Crisis of Empire第11話


「私が……」

その呟きを残したまま二の句が告げないカルソンから「失礼します」と

メモを受け取ったリアンがそのメモを読んでみる。

「何々……我々は皇帝の暗殺を成功させた。これ以上伝説のドラゴンの謎に

触れるなら宰相のカルソンを始めとして皇帝以外もどんどん殺す。それが嫌なら

さっさとドラゴンに関する調査を止める事をお勧めする」


そのメモの内容に、それを聞いていた全員にどよめきが広まる。

「それってもしかして脅迫状って奴か?」

「で、でも陛下は暗殺されて無いでしょ……」

「恐らく暗殺が成功した時にそのメモを残す手筈だったんだろう」

「逆に殺されたのは自分自身だったってオチか」

ラシェン、テトティス、ティハーン、カノレルのそんな声が聞こえて来たが、

ここで新たな展開が白髪の男の死体を未だに漁っていたシャラードから

始まる事になる。


「……ん、何だこりゃ?」

白髪の男の懐の更に奥に手を突っ込んでみると、そこにはもう1つポケットが

あった事に気がつく。
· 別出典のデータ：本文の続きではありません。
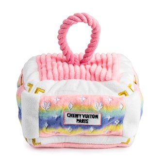 Treat your furry friend to the ultimate luxury with the Pink Ombre Chewy Vuiton Interactive Trunk - a playful and stylish parody. This interactive burrow dog toy includes three smaller toys inside for your pup to discover and play with. Watch as your furry friend enjoys hours of entertainment while digging and searching for the hidden treasures within. With its chic pink ombre design and humorous branding, the Pink Ombre Chewy Vuiton Interactive Trunk is a must-have for any fashion-forward and playful pup.
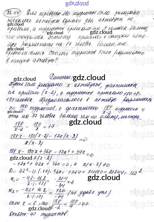 Ответ на задание 44 Задачник Алгебра за 8 (восьмой) класс Мордкович УМК Углубленный уровень 2016 Часть 1, 2
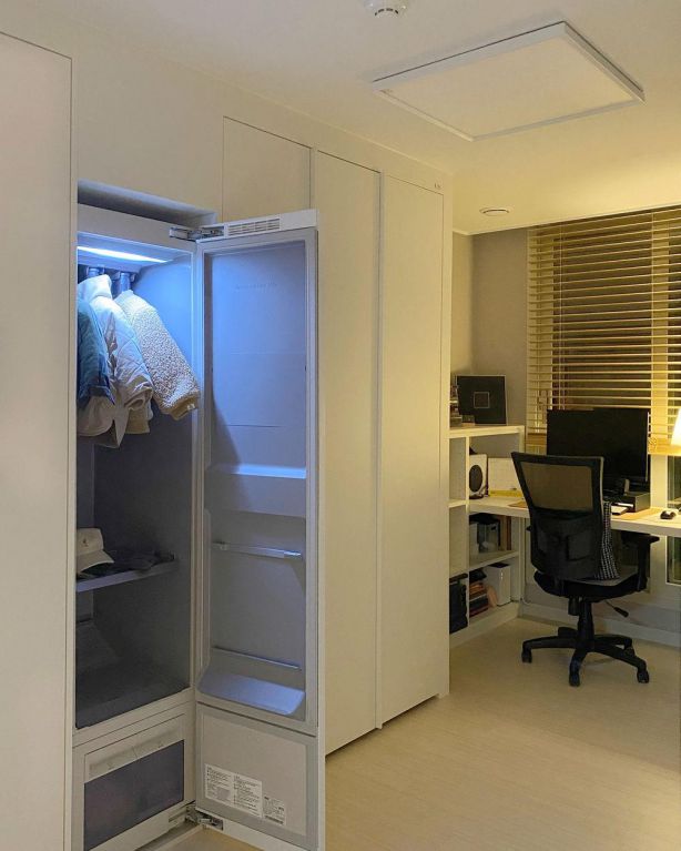 陽臺(tái)空間被改成了洗衣房使用,利用側(cè)邊打造到頂?shù)墓耋w,可以嵌入洗衣機(jī)、烘干機(jī)等物品。吊柜側(cè)邊留空一部分,還可以把洗衣液通通塞進(jìn)去。
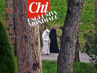 «Caché au monde», mais pas aux photographes. Voici, au cinquième jour du pape émérite, la première image de Joseph Ratzinger, publiée par l'hebdomadaire "Chi" (ndt: du groupe Mondadori, propriété de la famille Berlusconi: j'ai acheté le journal sur ma tablette, et l'article est vraiment très bienveillant, ce qui prouve, entre autre, qu'il y a des lecteurs à satisfaire).
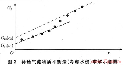 當(dāng)氣藏有外來氣體補(bǔ)給并有邊水或底水侵入時(shí),由于氣相的相對(duì)滲透率大于水相相對(duì)滲透率,氣藏的補(bǔ)給會(huì)發(fā)生在水侵之前,然而一旦氣藏補(bǔ)給和水侵同時(shí)發(fā)生僅從物質(zhì)平衡方程無法將二者分開計(jì)算,需要借用水侵計(jì)算方法,例如Cater-Tracy方法、Fetkovich方法或者快速褶積積分法。先計(jì)算水侵量大小,再代入補(bǔ)給氣藏物質(zhì)平衡方程計(jì)算補(bǔ)給氣量的大小。
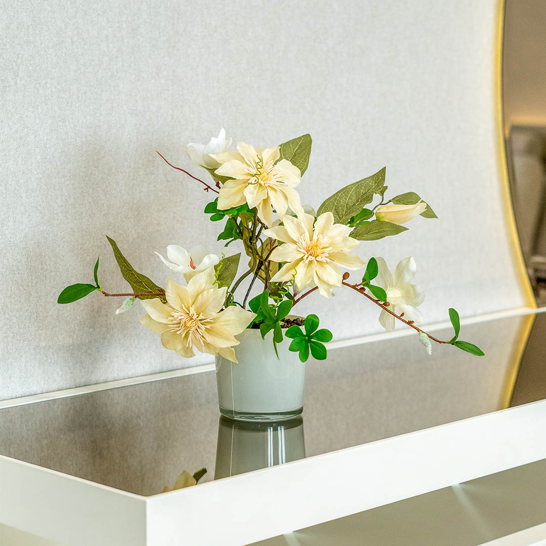 Apportez élégance et simplicité avec Ivoria, clematis crème, parfaite pour vos centres de table, étagères ou bahuts.
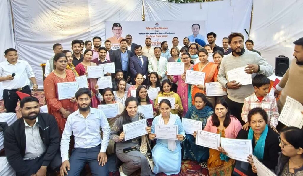 देहरादून : चिकित्सा शिक्षा विभाग के अंतर्गत राज्य चिकित्सा सेवा चयन बोर्ड के माध्यम से चयनित 28 नर्सिंग अधिकारियों एवं 14 सीएमएसडी टैक्नीशियन को प्रदेश के चिकित्सा स्वास्थ्य एवं चिकित्सा शिक्षा मंत्री डॉ. धन सिंह रावत ने आज नियुक्ति पत्र वितरित किये। इसके अलावा उन्होंने एसोसिएट प्रोफेसर व प्रोफेसर (नर्सिंग) के सात अभ्यर्थियों को भी नियुक्ति पत्र बांटे। डॉ. रावत ने कार्यक्रम के दौरान राजकीय स्टेट कॉलेज ऑफ नर्सिंग में रूपये 456.15 लाख की लागत से तैयार व्याख्यान कक्षों एवं लैब का भी लोकार्पण किया।
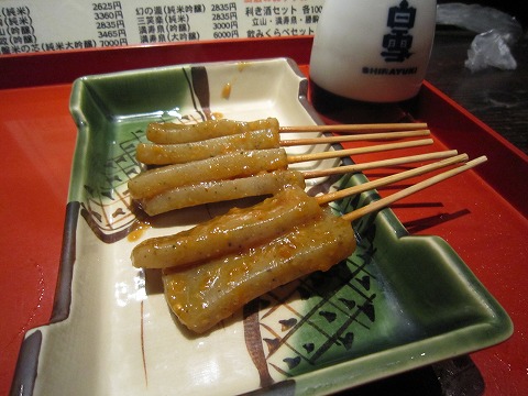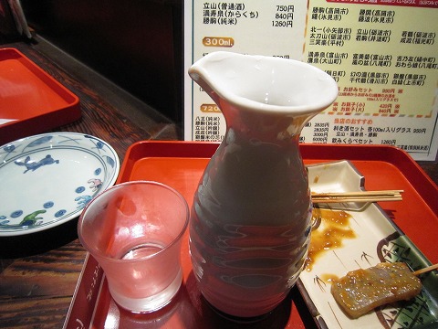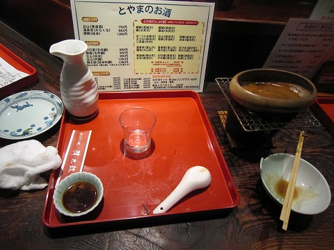 19:52 勝鬨(かちどき) そして、カウンターの上の鍋で暖められていた、”味噌おでん”を取り分けてもらいます。 その後ろには、いつの間にかとっくりが!(汗) 利き酒セットが終わり、勝駒の他のもう一つの高岡の酒蔵のお酒”勝鬨”. こちらはさらりと飲みやすいお酒ですかね。 イマイチ記憶が薄い。 |

そしてそこからまた新たに1枚のメモ……では無く何やら

カードらしき物が出て来た。

「何ですか、それ?」

ティハーンがそのカードを見て首を傾げるが、同じくそのカードを目にしたラシェンが

あっと声を上げた。


「それ、もしかしたら俺の知ってる場所の会員証かもしれません」

「何?」

ルザロがまさかのラシェンの発言に反応を示し、とりあえずそのカードは

シャラードからラシェンに手渡される。

「……やっぱりそうだ。このカード、前に城下の知り合いに見せて貰った事がありますよ。
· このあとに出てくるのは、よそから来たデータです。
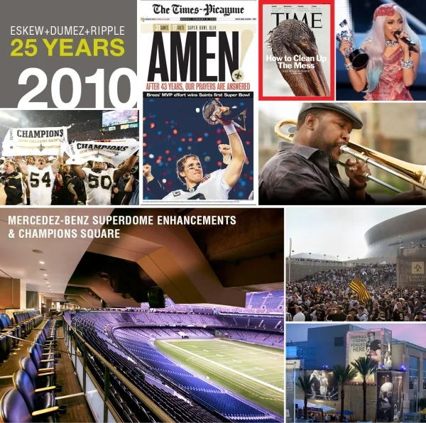 In preparation for the 2013 Superbowl, Eskew+Dumez+Ripple and Ellerbe Beckett, in a joint venture, began work on a $190 million dollar enhancement package to one of the city’s most iconic and recognizable structures: the Mercedes Benz Superdome. No small undertaking, the improvements—new scoreboards, video boards, sound and lighting system, concession stands, box suites, club lounge, elevators, windows and seating bowl, additional suites and retail vendor opportunities--were carefully phased to accommodate the facility’s dynamic schedule of ongoing events. Champions Square—a 60,000 square foot outdoor public space—a separate, yet equally important project, was realized in the 6-month break immediately following the Saints’ Superbowl victory. Doing so created one of the largest public spaces in the city that plays host to the pre- and post-event activity at the Mercedes Benz Superdome and New Orleans Arena.
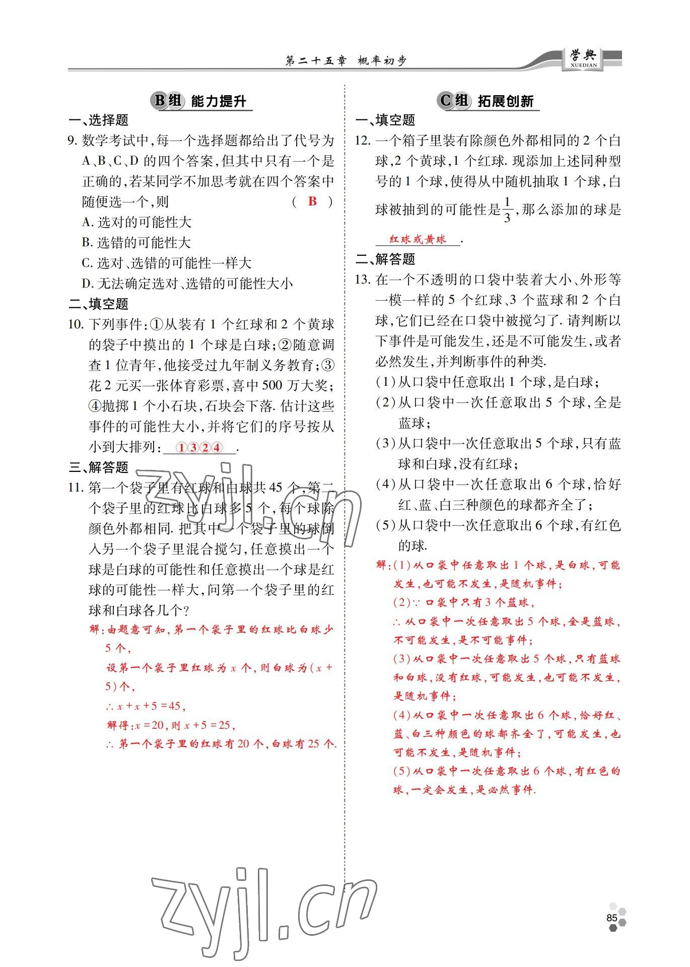 注:目前有些书本章节名称可能整理的还不是很完善,但都是按照顺序排列的,请同学们按照顺序仔细查找。练习册 2022年学典四川九年级数学全一册人教版 答案主要是用来给同学们做完题方便对答案用的,请勿直接抄袭。
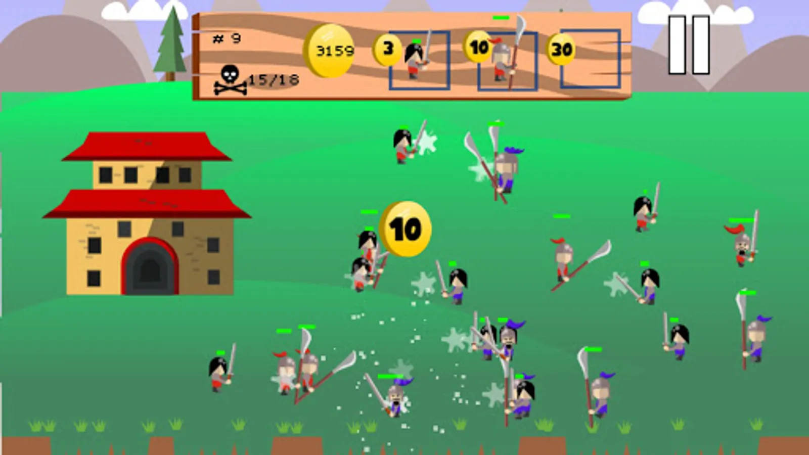It is the warring states period in Chinese history. You are the leader of the state of Qin. Warriors under your command belong to 3 different groups. They are sword warrior, spear warrior and general. In the battle field, each warrior has different skills. The more skilful warrior cost more to train. The general is the strongest. The general can easily defeat the spear warrior and the sword warrior. The spear warrior can easily defeat

確か大通りから少し外れた所にある高級クラブのカードです。会員制で、相当な

金持ちしか入る事が出来ない秘密の場所があるって噂になってるのも聞いた事があります」

「何でそんな物をこの男は持ってるんだ……」

ルザロはこの白髪の男の死体に呆れを隠す事が出来なかった。

暗殺するならそんな物要らないだろ、と思いながらも今の所は手掛かりがどうにもこれしか

無さそうなのでそのクラブへと向かう事にする。


そこへ向かうメンバーはカードの事を1番最初に解明したラシェン、それからルザロにシャラード、

それと貴族枠のメンバーでリアンとカノレルも一緒に着いて行く事にする。

その途中で知った事は、リアンとカノレルがその高級クラブの場所を知っていると言う事であった。
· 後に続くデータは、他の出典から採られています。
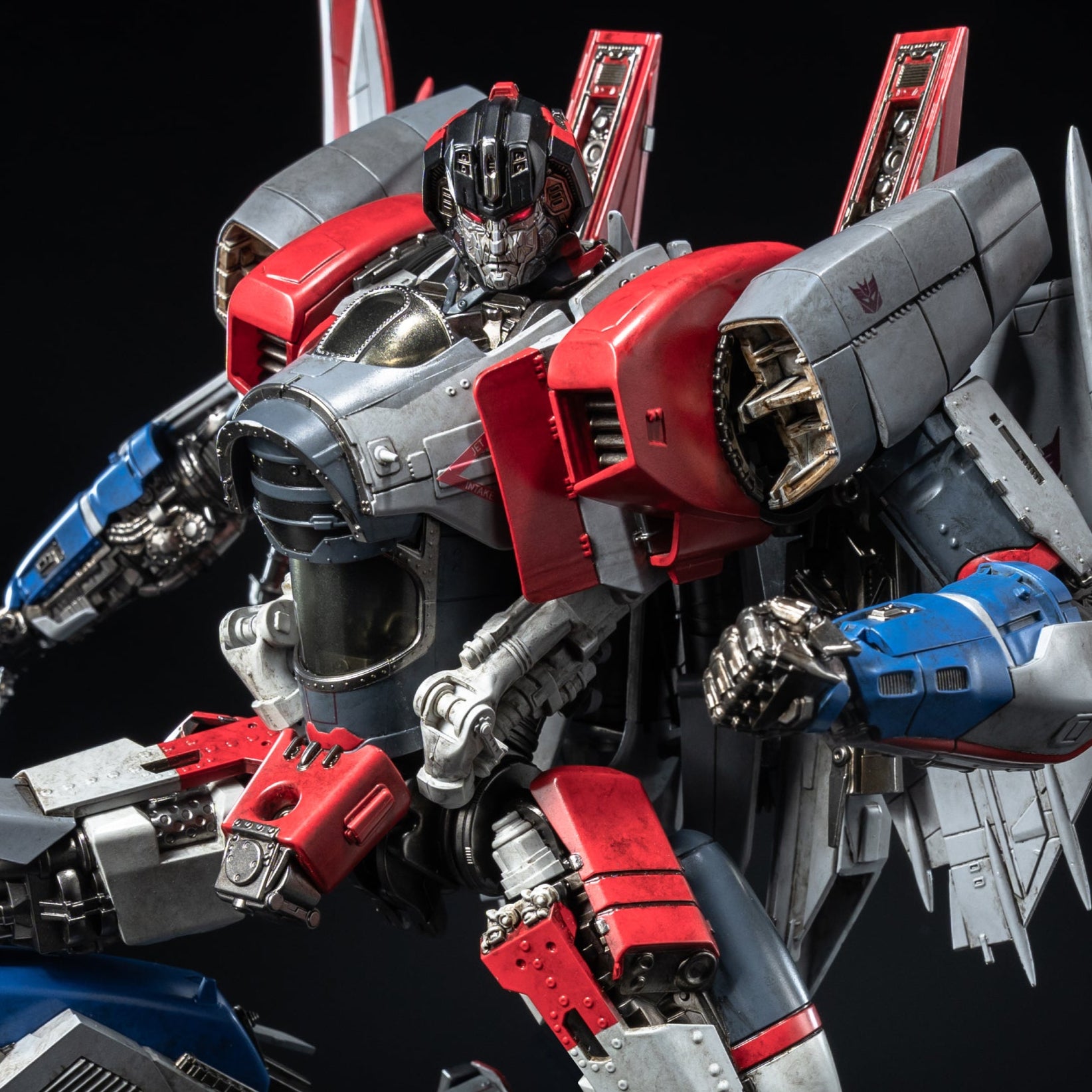 DLX Starscream stands approximately 27 cm (10.6 inches) tall. DLX Starscream features newly sculpted parts including head, signature shoulder intakes, and other details and elements across his body, arms, and legs. He also features a magnetically controlled eye lighting system, and a die-cast alloy internal frame for enhanced durability and handling, with approximately 51 points of articulation. The knee joint structure has also been reconfigured using die-cast alloy. This allows the figure to offer excellent balance and dynamic posing, providing a premium feel. The body showcases precise, sculpted details and mechanical structures, combined with threezero's signature battle-damaged weathering techniques, which carefully reproduces mechanical abrasions for realistic textures.

「私達カナリス家は色々な貴族同士での付き合いもありましたからね。カードや会員制の

存在までは知りませんでしたが、そう言った場所があると言うのは聞いた事がありましたよ」

「我がエードレイ家と付き合いのある貴族に、多分そのクラブと思われる場所に連れて

行って貰った事はあります。ただ会員ではなくて付き合いで行っただけですから余り深くは

私も知りませんよ」


そんな2人の過去の話、特に実際に連れて行って貰った事のあるカノレルの話にルザロは

当たり前の疑問を口に出した。

「そのクラブにはどれ位前に行ったんだ? そしてどんな場所だった?」

「覚えているだけで……そうですね、2年前位でしょうか。記憶があやふやだから細かい所までは

覚えていませんけど、高級クラブなだけあって落ち着いた格式高い店であった気がします」

そんな2人の説明を受け、行った経験のあるのカノレルがそのクラブの場所を

思い出しながら案内された道の先には確かに格式高そうなクラブが1つ存在していた。

「入り口の両端にドアマンが立っている。これはこの格好じゃきついかな?」


当たり前だが自分達の今の格好は騎士団の黒い制服姿、しかもシャラードに

至っては傷だらけの甲冑を着込んでいるのでどう考えても高級クラブに入ると言う

格好には見えない。

「如何する……一旦出直して着替えた方が良いかな?」

「うーん、俺もそうした方が良いと思いますけども」

シャラードとラシェンがこのままクラブに入って良いのかどうかを足踏みしていたが、

そんな2人に対して横から口を挟んで来たのはこう言ったクラブ等に1番縁の

無さそうな人生を歩んで来た精鋭騎士団団長のルザロだった。